Action item
The answer is an exact repeat of the entries below, with the pictures omitted.

**** The records

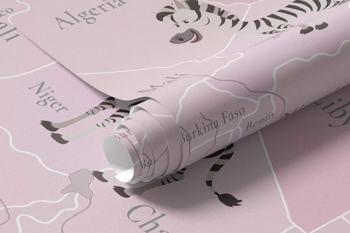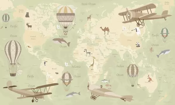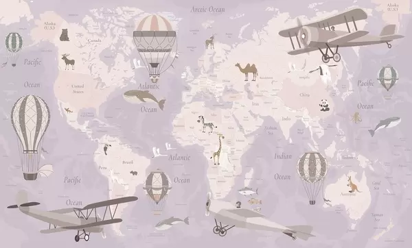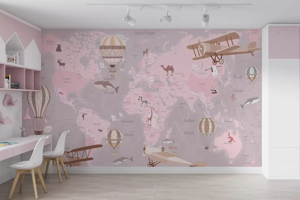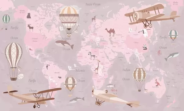Murais de parede Mapa-múndi infantil com animais, aviões e balões de ar quente. Em inglês. Cor rosa. Nr. c00003env3
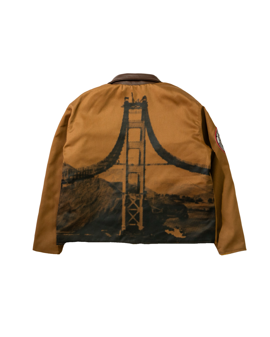 Side A: Earth-tone canvas with a tonal Golden Gate Bridge graphic and custom sleeve patch.
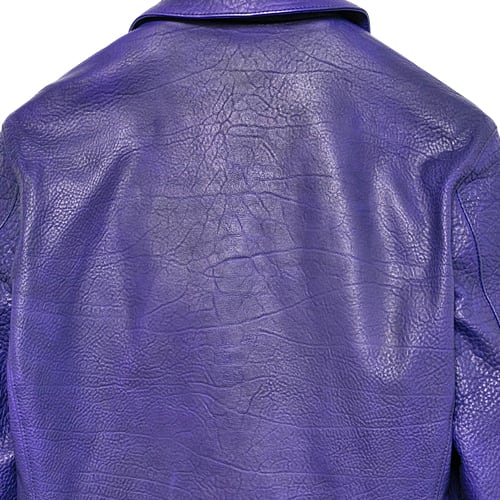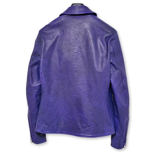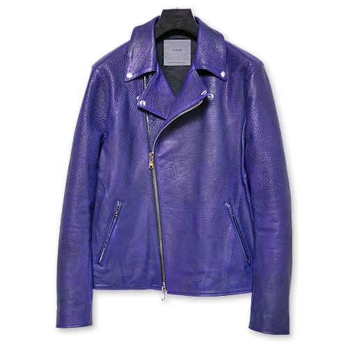 革の状態でパープルに染め上げ、製品にしてから、ネイビーでバーニングダイを施すことで、 重みを帯びた青紫へと仕上げた「CATHEDRAL(カテドラル)」
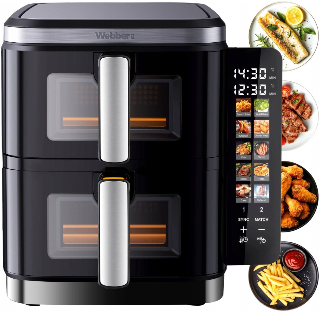 FRYTKOWNICA PODWÓJNA PIONOWA BEZTŁUSZCZOWA AIR FRYER 2800W 11L XXL WEBBER
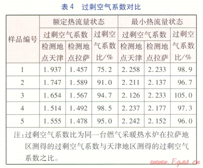 ②燃?xì)獠膳療崴疇t的熱效率:對(duì)于同一臺(tái)燃?xì)獠膳療崴疇t在拉薩地區(qū)過(guò)剩空氣系數(shù)要小于海平面地區(qū),而過(guò)剩空氣系數(shù)越大,過(guò)剩的煙氣帶走的熱量越多,熱效率越低,因此拉薩地區(qū)測(cè)得的熱效率要高于海平面地區(qū)。

********

Solved exercise
Murais de parede Mapa-múndi infantil com animais, aviões e balões de ar quente. Em inglês. Cor rosa. Nr. c00003env3
 Side A: Earth-tone canvas with a tonal Golden Gate Bridge graphic and custom sleeve patch.
 革の状態でパープルに染め上げ、製品にしてから、ネイビーでバーニングダイを施すことで、 重みを帯びた青紫へと仕上げた「CATHEDRAL(カテドラル)」
 FRYTKOWNICA PODWÓJNA PIONOWA BEZTŁUSZCZOWA AIR FRYER 2800W 11L XXL WEBBER
 ②燃?xì)獠膳療崴疇t的熱效率:對(duì)于同一臺(tái)燃?xì)獠膳療崴疇t在拉薩地區(qū)過(guò)剩空氣系數(shù)要小于海平面地區(qū),而過(guò)剩空氣系數(shù)越大,過(guò)剩的煙氣帶走的熱量越多,熱效率越低,因此拉薩地區(qū)測(cè)得的熱效率要高于海平面地區(qū)。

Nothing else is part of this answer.